Over the course of the last 10 years, the development of microarray technology has had significant influence on gene-expression research. However, it is experiencing the same growing pains that any new and upcoming technology faces—lack of reproducibility, repeatability, and comparability across platforms and laboratories.
As with every emerging technology, standards needed to be established. With that in mind, Leming Shi, Ph.D., principal investigator for the National Center of Toxicological Research developed the Micro Array Quality Control (MACQ) consortium, a community-wide effort encompassing 137 participants from 51 government, commercial, and academic organizations that include the FDA, NIH, EPA, all the major whole-genome gene-expression platform providers, and several alternative gene-expression platform providers.
As a vital part of that effort, the MAQC team evaluated the performance characteristics of three quantitative gene-expression technologies and correlated their expression measurements to those of five microarray platforms, according to Federico Goodsaid, senior researcher at the Center for Drug Evaluation at the FDA. The end result is a rich data set that with proper analysis reveals promising results regarding the consistency of microarray data between laboratories and across platforms.
“This project was triggered by multiple reports of lack of reproducibility in differential gene-expression data from microarrays,” says Goodsaid. “The FDA felt this was a problem. MAQC began as a study to establish biological standards and investigate the impact of analysis protocols on the reproducibility of differential gene expression. The first step was to show how to improve the reproducibility of results in the same lab from the same sample.”
One of the major findings was that scientists could reduce the variability in differential gene expression by ranking genes by fold change followed by a P-value cut-off. “Globally, if you rank genes first by fold-change with a P-value cut-off, the difference is dramatic,” Goodsaid points out. “For some of the datasets, a 20% overlap between replicates with initial P-value ranking rose to 80% overlap with an initial fold-change ranking.”
“Everyone’s involvement in this project is pretty similar,” notes Shawn Baker, scientific product manager for gene expression at Illumina (www.illumina.com). “Leming wanted to see what cross-platform compatibility existed and was unhappy with the experimental designs in the 2004–2005 time-frame and wanted to improve it.
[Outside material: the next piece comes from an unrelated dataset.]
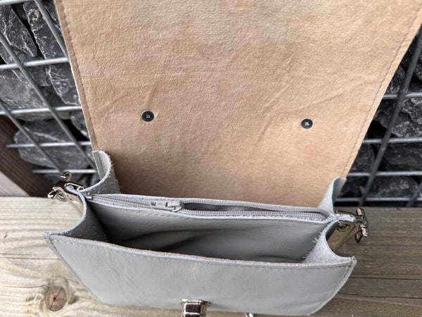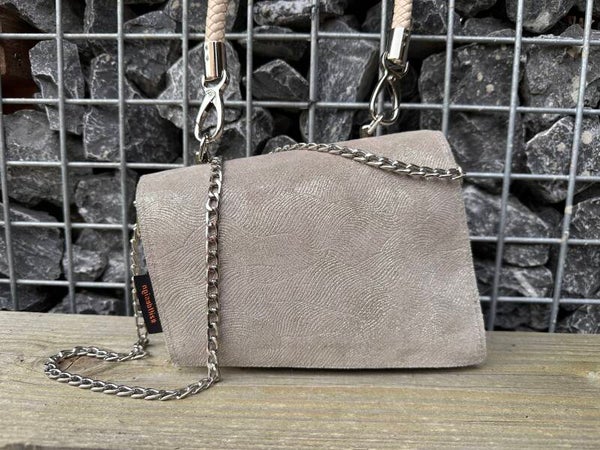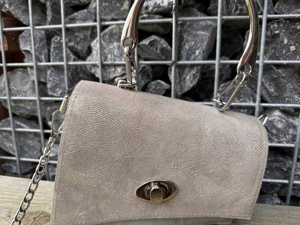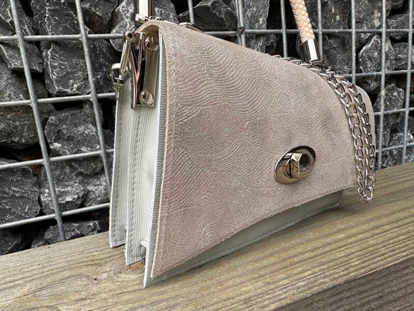 Deze tas is gemaakt van prachtig lichtbeige leer in combinatie met een leer met golvend motief en glinster. Het is lastig uitleggen, maar door in te zoomen op de foto's zie je het resultaat.

So he brought in all the microarray platform providers, and what he has shown is that all the platforms actually correlate quite well with one another.
“The point to this exercise wasn’t to excoriate or extol platform providers,” Goodsaid asserts. “This project was performed with enthusiasm and good faith by all participants to address issues about the performance and perception of differential gene-expression microarray data. Every one of the participants paid their own way for this project, motivated by an urgent need to address these issues. Results from this study will certainly impact perceptions about limitations of microarrays and highlight the need for reproducibility in microarray data.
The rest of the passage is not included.